In fact the endorphins are literally “endogenous morphine”, (intended to mean a morphine-like substance originating from within the body”.

The term opiate is used to describe drugs derived from the juice of the poppy.  The word opioid describes all substances with morphine-like actions.  The word narcotic is no longer used in pharmacology, although originally it described drugs that induced sleep and was later applied to morphine-like analgesics.  The endorphins are derived from a substance found in the pituitary gland called beta-lopotropin; they are thought to be concerned with controlling the activity of the endocrine glands. 

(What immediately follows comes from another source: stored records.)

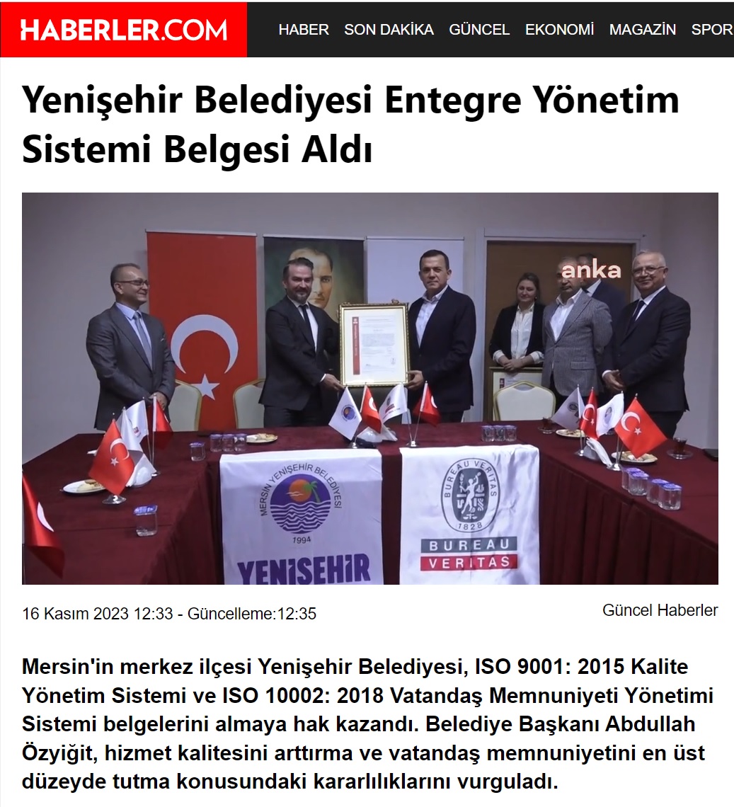 Yenişehir Belediyesinin hizmet kalitesi belgelendi Basın Linkhttps://www.haberler.com/guncel/yenisehir-belediyesi-entegre-yonetim-sistemi-be…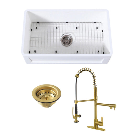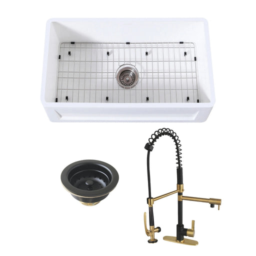 Original price $2,259.85 - Original price $2,259.85Original price $2,259.85$2,943.76$2,943.76 - $2,943.76Current price $2,943.76| /Arcticstone 30-Inch White Stone Single Bowl Farmhouse Kitchen Sink with Deck Mount Kitchen Faucet and Basket Strainer, Brushed Brass/Matte Black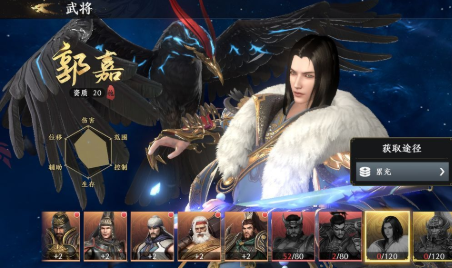 第二个便是郭嘉,郭奉孝。这个平民玩家也不容易获得,需要1k的累充才可以获得,资质20,也是很好的角色。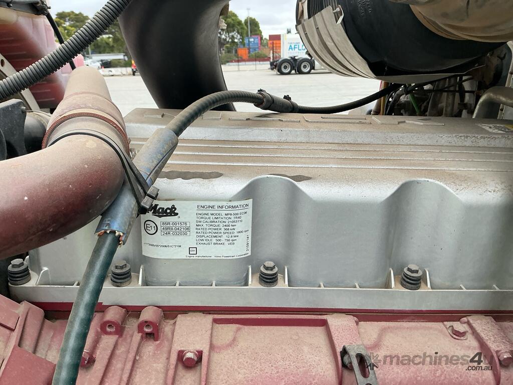 CP: 05/2010,Mack,CMMR Granite,Tipper,Manual,Air Bag Suspension,Engine #: MP8937432,Mack MP8,6 Cyl,Diesel,18 Gears,828532 (Kms. Showing on Odometer),10 (Hrs. Showing on Hour meter),Colour: White,Rego. No: XLN572 VIC,VIN: 6FMN12G69AD801594,Key No: 98,GVM: 26000,GCM: 70000,Sold with No Plates,Key No: 98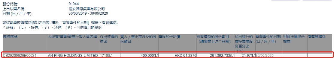 智通财经APP获悉,香港联交所最新资料显示,6月26日,AN PING HOLDINGS LIMITED增持恒安国际(01044)40万股,每股作价61.2376港元,总金额约为2449.5万港元。智通财经APP获悉,增持后最新持股数目为2.61亿股,最新持股比例为21.97%。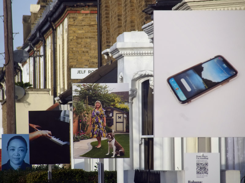 The individuals represented on this street installation – Dalberg Road, Brixton – via estate agent-style placards stuck on peoples’ garden gateposts, are drawn from all over the UK, from Harrogate to Truro (with NHS personnel sourced thanks to support from the NHS and the Health Foundation). As with all of Patey’s projects, the resulting work is a collaboration with many different creatives, including a number of photographers (deployed according to location) and recording/sound professionals – all of whose day jobs in broadcasting, publishing or film had been put on hold thanks to the pandemic. The selected individuals were photographed, between lockdowns, along with an item that has meant the most to them. These images are depicted either side of the placard, along with a QR code that activates a 10 minute recorded interview accessed either via your phone or – if you want to hear their stories in the comfort of your home – from a dedicated website.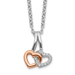 White Ice Sterling Silver Rhodium-plated Rose-tone 18 Inch Diamond Hearts Necklace with 2 Inch Extender

They are produced by the pituitary gland and the hypothalamus in vertebrates during strenuous exercise, excitement and orgasm.  Endorphins have passed into popular consciousness through the term “endorphin rush” which is used to describe the feeling of exhilaration brought on by forms of stress, including that stress brought on by exertion (such as running). It is also used to refer to the capacity of the body to cope positively with pain or danger (such as might occur in the battlefield). 

This is not a medical term however, and it does not occur in the medical literature.  The study of endorphins is a rapidly expanding field of research and has given rise to a confusing terminology.